Николай и его ученики любили свою студию. Она действительно была лабораторией живописи. Здесь он мог со своими студийцами свободно творить, дерзать, мыслить. Он, как и многие художники, считал, что революция сегодня дает возможность художнику раскрепоститься и стать внутренне свободным. Это все, в принципе, отвечало его мышлению, его духу. Его эмоциональный характер, тонкий, чувствительный ко всему, был очень близок к природе и, как она, вмещал в себе все противоречия жизни. Он твердо верил. что свершившаяся революция должна принести свои положительные результаты в жизни общества в целом и в искусстве в частности. Это были его глубокие убеждения. И действительно, в послереволюционное время, то есть в 20-х начале 30-х годов, происходил перелом в искусстве и мучительная переоценка ценностей. Можно смело сказать, что это время было его и он чувствовал себя в нем как творческий человек в своей стихии.

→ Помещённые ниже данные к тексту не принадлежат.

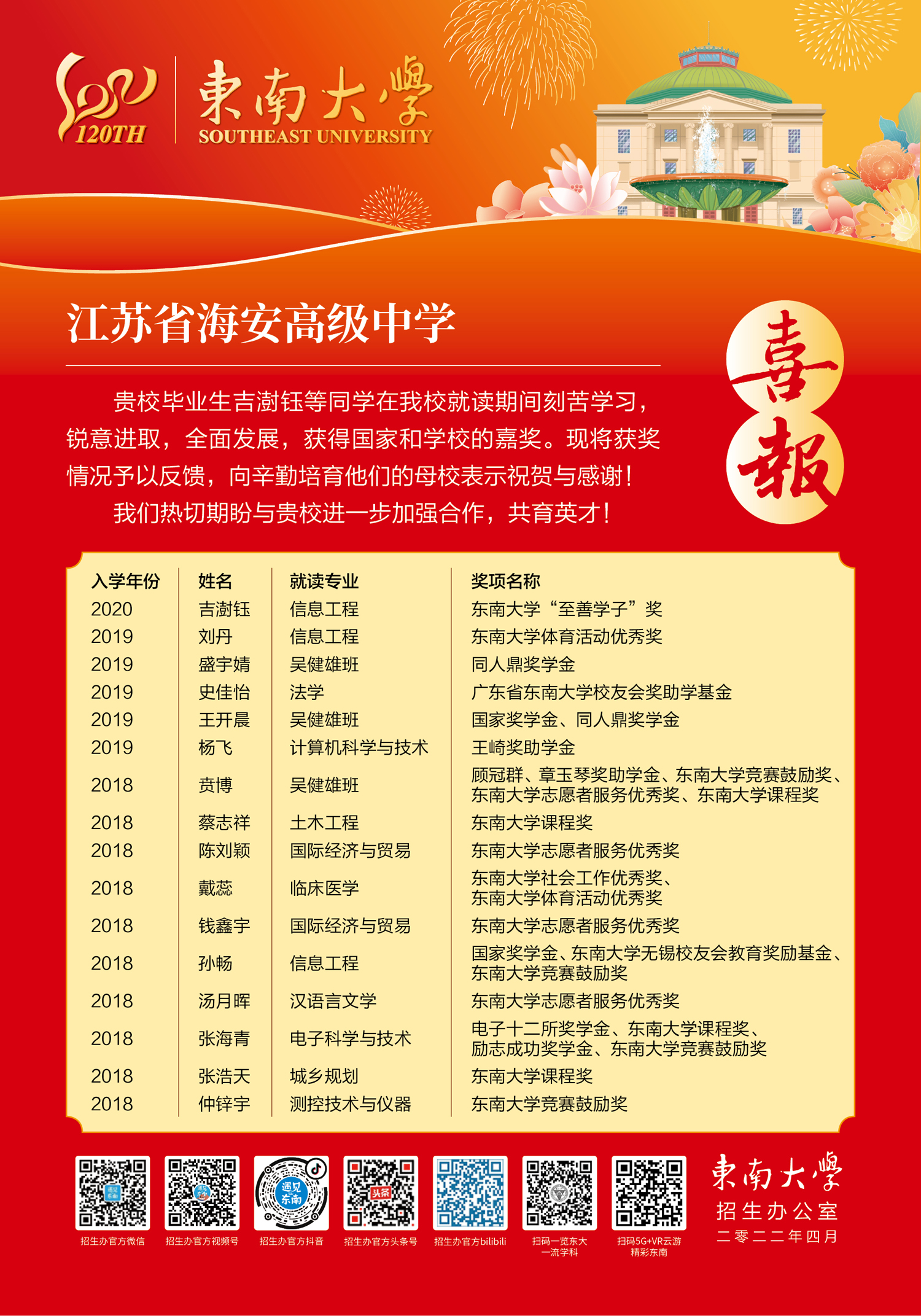 东南大学给我校发来喜报 来源:校长办公室 发布时间:2022-04-21 00:00:00 浏览次数: 次 【字体:小 大】 芳菲四月捷报频传东南大学给我校发来喜报祝贺我校升入东大的校友锐意进取全面发展获国家和学校各类嘉奖共计26人次感谢我校对获奖学子的辛勤培育期盼两校进一步加强合作共育英才向获奖校友表示热烈祝贺祝愿全体高三学子延续胜利再创佳绩 分享到: 【打印正文】

Между тем работа в студии продолжалась интересно и эмоционально. Однажды неожиданно для себя он получил свой первый серьезный заказ сделать театральный портал для Рязанского театра, который ярко освещенный будет висеть над занавесом прямо перед зрителями. Заказ был интересен, но сложен. Начались приятные волнения, раздумья, поиски. Спустя некоторое время было найдено решение: сделать композицию на декоративный мотив, так чтобы она украшала зал и органично вписывалась в него. Он написал герб молодой республики в своей интерпретации, поскольку окончательно герб еще не был утвержден. На фоне театральных цветных тканей он написал слово "РСФСР" ярко-оранжевыми буквами, расположил их вокруг герба, и они, как фанфары, зазвучали, извещая о рождении молодой республики. Все было ярко, красочно, декоративно. Эскиз портала был одобрен заказчиком. Окончательная работа выполнялась уже всей студией, была выполнена на высоком профессиональном уровне и сдана в срок. Портал повесили, как и предполагалось, над занавесом сцены театра. Так он висел много лет, вплоть до реконструкции театра. Каким-то чудом сохранился эскиз, и позднее Николай Степанович выставил его на своей персональной выставке в Москве (1978). Затем его приобрела Третьяковская галерея.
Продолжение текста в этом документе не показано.